This function visualizes the most significant functional terms (GO, KEGG, REACTOME, specificity) across different cell types.
Parameters
data : pd.DataFrame Input data containing columns dependent on the source (GO-TERM, KEGG, REACTOME, specificity).
fig_size : tuple, optional Figure size (width, height).
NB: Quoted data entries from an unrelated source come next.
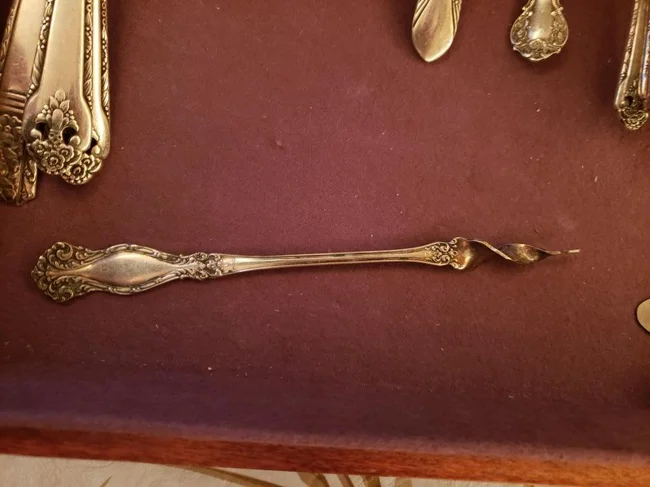 5. Один із предметів із срібного набору. Кінчик як у штопора, але ця штука не надто міцна, щоб використовувати як штопор. Навіщо вона потрібна?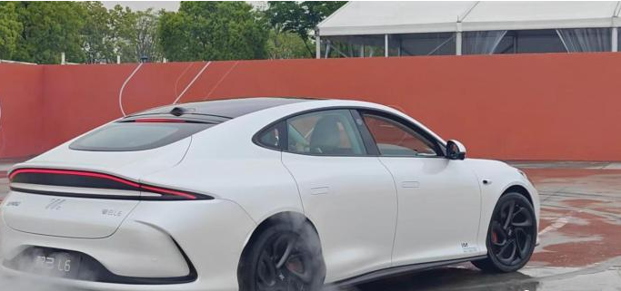4月23日,“寻找中国经济新动能”智己L6全球首试现场,智己L6正在展示低速漂移。 中新网记者 浦帆 摄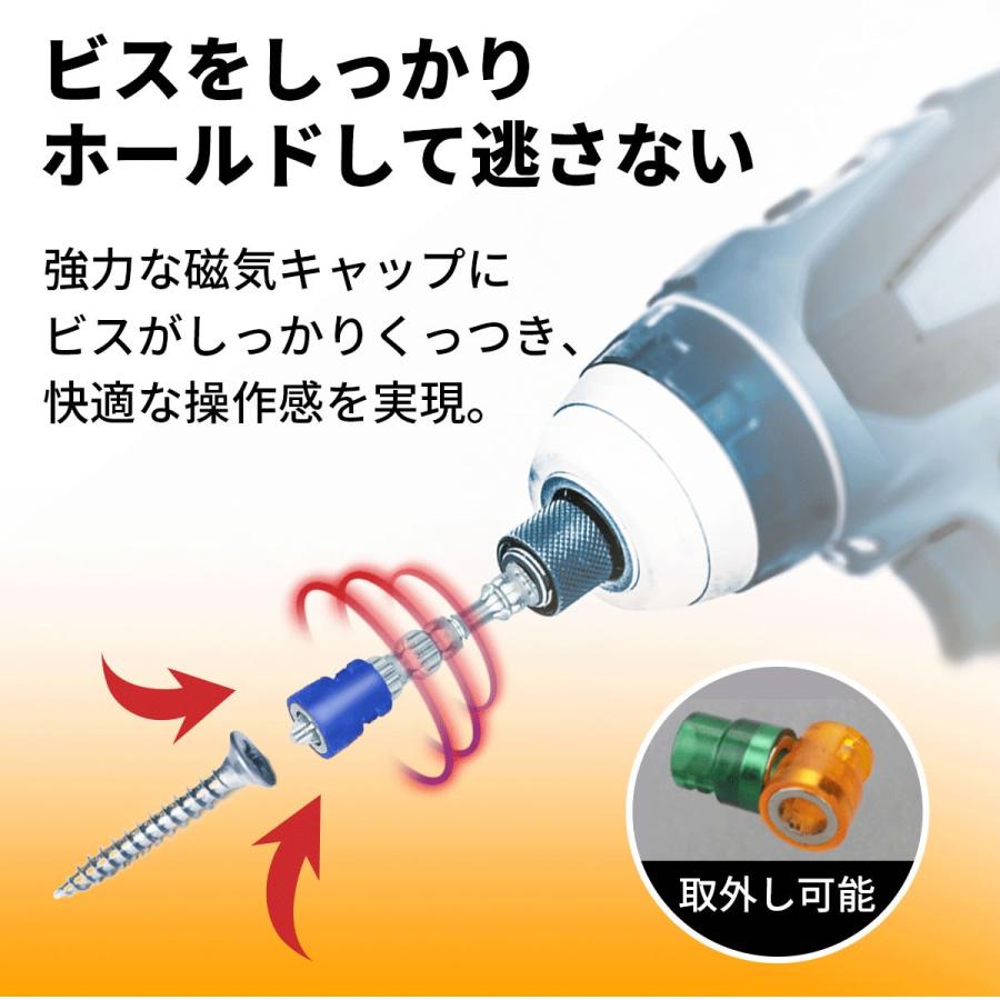 強力なマグネットキャップで、ビスをしっかりとホールド!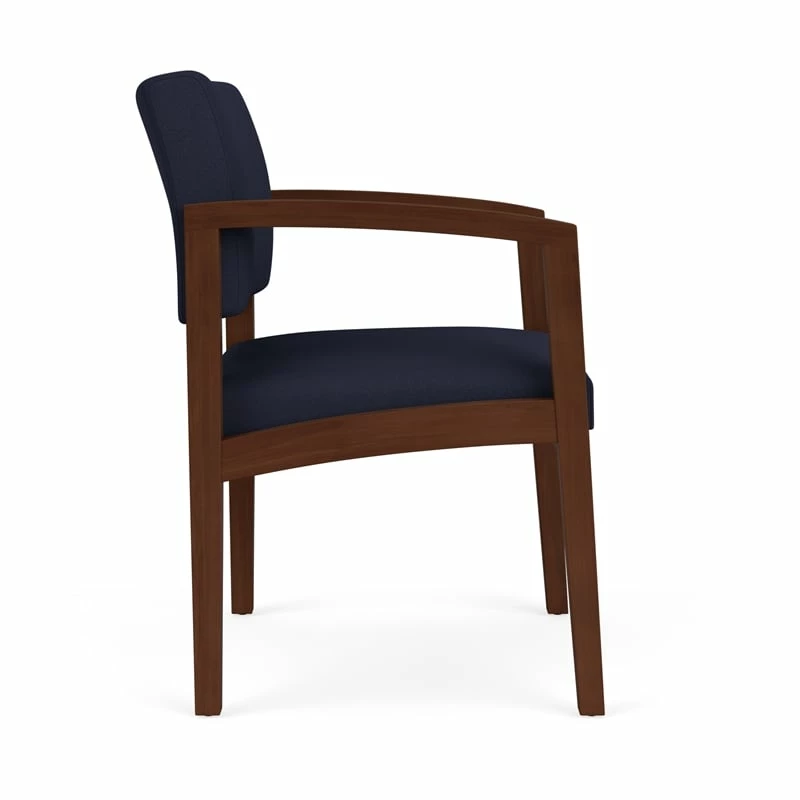 The Lenox Wood guest chair with its graceful transitional styling, gently sloped arm design, and upholstered seat and back cushions will give your space a light, airy look. Features include sturdy hardwood construction, durable lacquer finish, and a comfortable Matrex seat support system. Available in stain-resistant solid fabric, alluring designer fabric, and easy-clean, heavy-duty vinyl and polyurethane upholstery options.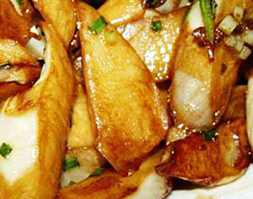 4.锅内留油少许,再将茭白放入,加味精、糖、酱油、酒、水适量小火焖煮3分钟;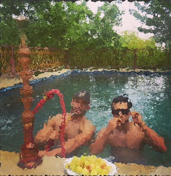 طبق ادعای گردانندگان صفحه، تصویر مربوط به ویلایی در کُردان کرج است. سمت چپ تصویر که مشخص نیست، تعدادی دختر و پسر هستند که برهنه روی تشک بادی در استخر کنار هم خوابیده اند. زیر این عکس، کاربری کامنت گذاشته: ما میریم لواسان همین طوره…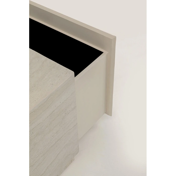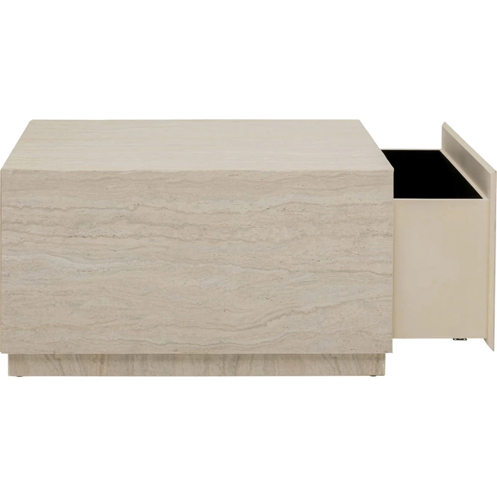 Stilrent soffbord i travertinlook med förvaring och mjuk soft-close-funktion.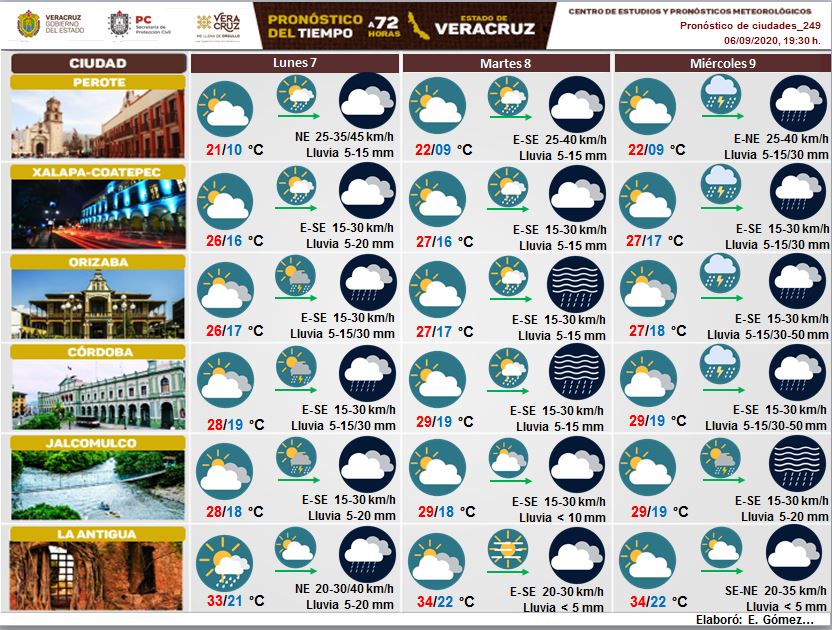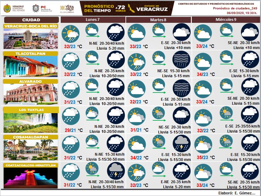 - Viento: Del Norte y Noreste con velocidades de 20 a 35 km/h con rachas eventuales de 45 km/h en la costa, cambiando al Este mañana. La fuerza del viento puede desarrollar oleaje con alturas de 0.5 a 1.0 metros en las proximidades de la costa.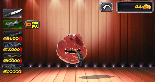 用厨枪射击牛排能快速完成调味,每成功调好一份牛排就可以得到金币奖励。

Default is (35, 25).
sets : list, optional List of specific cell sets to include. Default is None (all sets).
top_n : int, optional Number of top terms to include per cell. Default is 2.
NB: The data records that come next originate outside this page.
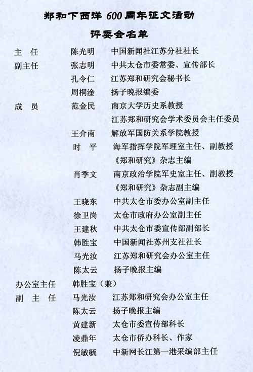 “鄭和下西洋600周年”征文啟示 2002年07月05日 10:36 ![]() 鄭和下西洋600周年征文活動評委會名單 為紀(jì)念鄭和下西洋600周年,弘揚(yáng)鄭和開放和探險精神,進(jìn)一步提升鄭和七下西洋起錨地太倉的知名度,促進(jìn)太倉的兩個文明建設(shè)和經(jīng)濟(jì)發(fā)展,特舉行征文活動。 一、征文時間 從2002年7月11日起(鄭和下西洋紀(jì)念日)至2003年7月11日止。 二、征文內(nèi)容 圍繞鄭和七下西洋起錨地太倉與鄭和,從歷史與現(xiàn)實(shí)的結(jié)合上,從跨越600年的時間和空間中,從不同視角充分展示鄭和精神及給太倉歷史、經(jīng)濟(jì)、文化等方面帶來的影響。 三、征文形式 1、學(xué)術(shù)論文類; 2、文學(xué)類,包括小說、散文、隨筆、詩歌、故事、盈聯(lián)等; 3、新聞類,包括消息、通訊、特寫、專訪、述評等。 四、征文字?jǐn)?shù) 論文一般不超過5000字;文學(xué)作品一般不超過3000字(長、中篇小說例外);新聞一般不超過1500字。 五、征文刊用 征文作品在中新江蘇網(wǎng)、中新網(wǎng)長江第一港、揚(yáng)子晚報“聚焦蘇錫!睂0、《鄭和研究》雜志刊用。 六、征文評比 征文頒獎活動在2003年9月份舉行,評出論文類、文學(xué)類、新聞類一等獎各一名,獎金3000元;二等獎各三名,獎金1500元;三等獎各五名,獎金500元,另評出榮譽(yù)獎若干名。 七、征文請寄江蘇省太倉市體育東路58號,中新網(wǎng)長江第一港編輯部,郵編215400。另電子文檔以word形式保存,寄jiangzhenjiang@chinanews.com.cn作者請自留底稿,所有應(yīng)征作品一律不退稿。 八、本次征文活動解釋權(quán)在征文活動組委會。 主辦單位:太倉市委、市人民政府 中國新聞社江蘇分社 揚(yáng)子晚報“聚焦蘇錫!本庉嫴 江蘇鄭和研究會 二OO二年七月一日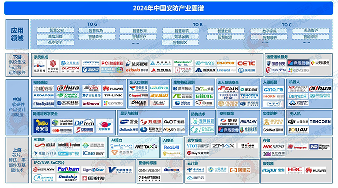 为全面、直观地呈现安防行业的产业结构与产业链上下游关系,协助行业参与者系统把握产业整体布局与发展脉络,为企业战略规划与资源整合提供参考,推动产业链协同创新与高质量发展,中国安全防范产品行业协会依托中国安防大数据服务平台,在深入分析会员单位及部分上市企业经营状况的基础上,结合对大量历史资料和行业动态的系统研判,精心编制了《2024年安防行业产业图谱》(见下图)。该图谱全面、细致地展现了安防行业上、中、下游产业体系的整体架构,并列出各环节代表性企业,清晰勾勒出产业生态的全景视图。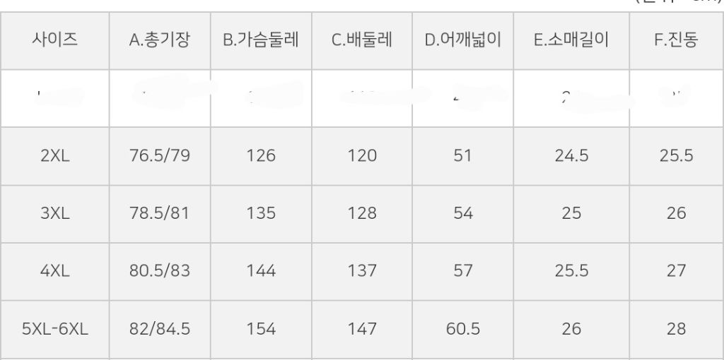 가슴둘레 120 이상만빅사이즈 주문해주세요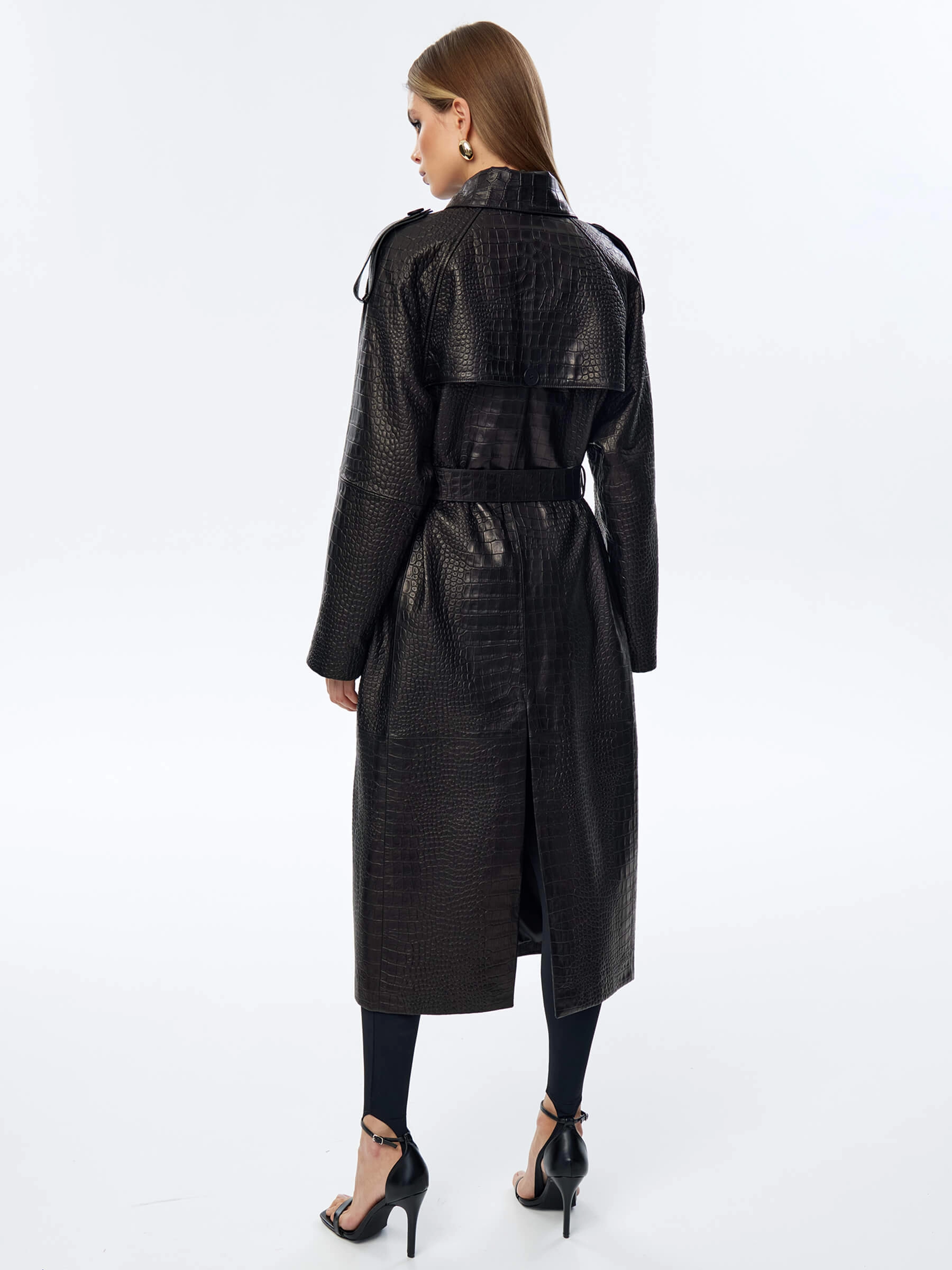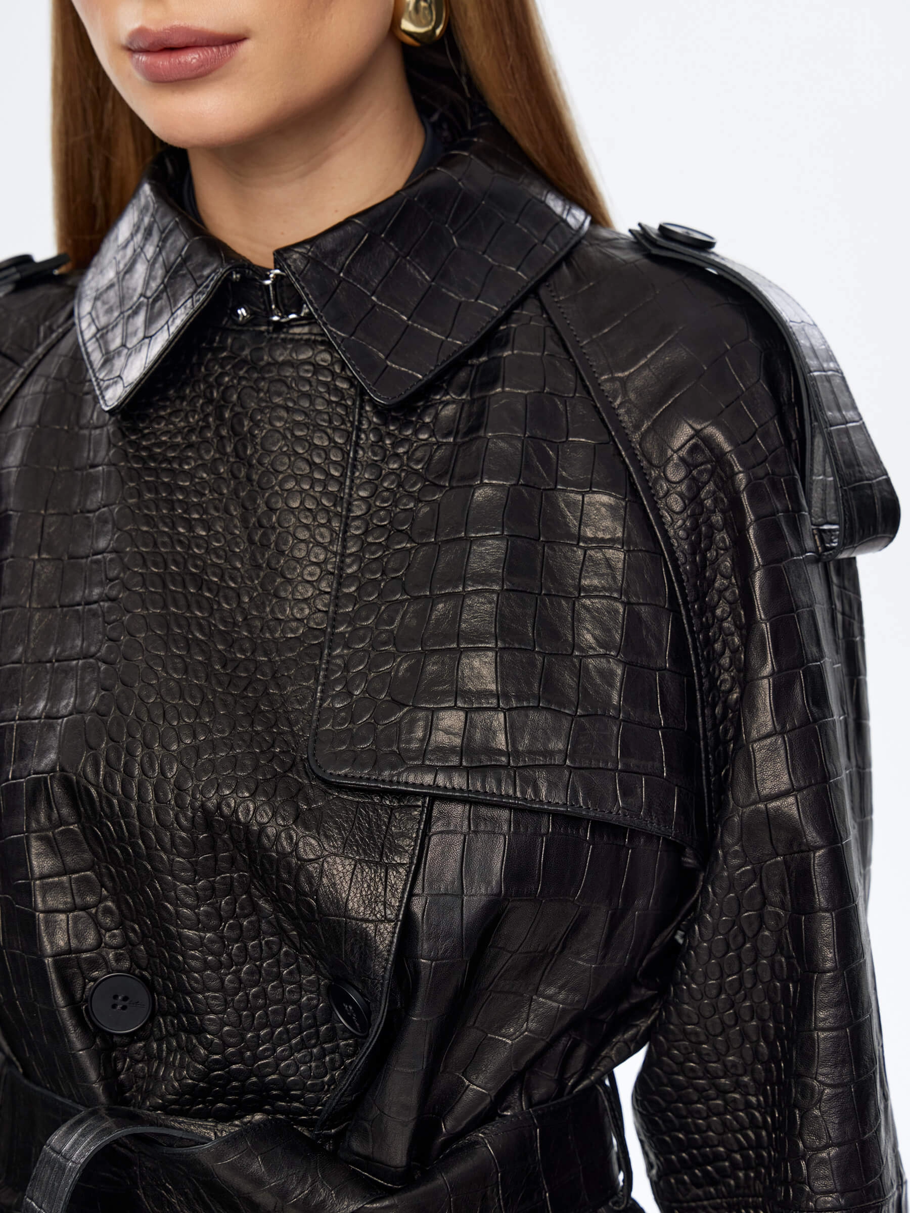 Длинный двубортный плащ выполнили из фактурной кожи премиум класса. Прямой крой, английский воротник, врезные боковые карманы. Изделие дарит не только комфорт, но и подчеркивает женственность. Модель с отлетной кокеткой и погонами дополнили широким кожаным поясом в тон.

test : str, optional Name of the statistical test column. Default is 'FISH'.
adj : str, optional P-value adjustment method. Default is 'BH'.
parent_inc : bool, optional Whether to include parent terms in labels. Default is False.
font_size : int, optional Font size for the heatmap. Default is 16.
clustering : str | None, optional Clustering method for rows/columns ('ward', 'single', None). Default is 'ward'.
scale : bool, optional Whether to scale values before plotting. Default is True.
Returns
matplotlib.figure.Figure A heatmap figure of functional enrichment per cell type.
Raises
ValueError: If the 'source' column in the data is not one of ['GO-TERM', 'KEGG', 'REACTOME', 'specificity'].
Example
>>> fig = encrichment_cell_heatmap(data_df, top_n=3, parent_inc=True)
>>> fig.savefig('cell_heatmap.svg', bbox_inches='tight')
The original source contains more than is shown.